Dabei ist der von ihm geforderte intergouvernementale Ansatz längst gängige Praxis in der EU – aber nicht etwa, weil die Kommission nicht spurt, sondern weil sich einzelne Mitgliedstaaten wie Großbritannien bei gemeinsamen Absprachen verweigerten und deshalb wie beim Fiskalpakt Wege außerhalb der EU-Verträge gewählt werden mussten. Auch in der Flüchtlingskrise und beim angestrebten EU-Grenzschutz verhinderte und verhindert – bei aller Kritik an zu schematischen Vorschlägen der Kommission – vor allem der Widerstand vieler Mitgliedstaaten schnellere Fortschritte. Zudem ist Schäubles Projekt einer Finanztransaktionssteuer ein Beispiel dafür, dass eine intergouvernementale Zusammenarbeit im kleineren Kreis keineswegs immer bessere Ergebnisse liefert.

Das rhetorische Umschwenken Schäubles auf ein Brüssel-Bashing ging deshalb selbst einigen Unionspolitikern zu weit.

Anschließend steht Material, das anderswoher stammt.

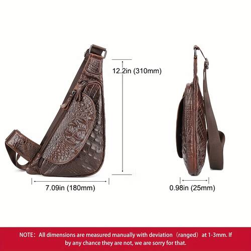 The HUMERPAUL Men’s Genuine Leather Crossbody Bag stands out for its combination of stylish design, practical features, and durability. Unlike many other crossbody bags, this one is crafted from top-grain leather with an alligator pattern, adding a unique and elegant flair to your wardrobe. The multi-compartment design ensures that your essentials are organized and easily accessible, while the durable zipper closure keeps your belongings secure.

Am deutlichsten wurde der EVP-Fraktionsvorsitzende im Europopäischen Parlament, Manfred Weber (CSU). „Generell ist es so, dass manche nationale Regierungen ein unehrliches Spiel spielen“, kritisierte er in der Süddeutschen ­Zeitung vom 8. Juli. Er rügte nicht nur Sigmar Gabriel und Außenminister Frank-Walter Steinmeier, dem er eine bewusst zwiespältige Haltung bei der Verlängerung der EU-Sanktionen gegen Russland vorwarf. Auch Schäuble habe der Kommission nach dem Brexit-­Votum den schwarzen Peter zugeschoben. „Wir erleben, dass sich der Populismus bis in höchste Regierungskreise einnistet“, kritisierte der CSU-­Politiker. Gemeint waren diesmal nicht London, Paris, Warschau, Athen oder Budapest – gemeint war Berlin.

Dr. Andreas Rinke ist politischer Chef­korrespondent der Nachrichtenagentur Reuters in Berlin.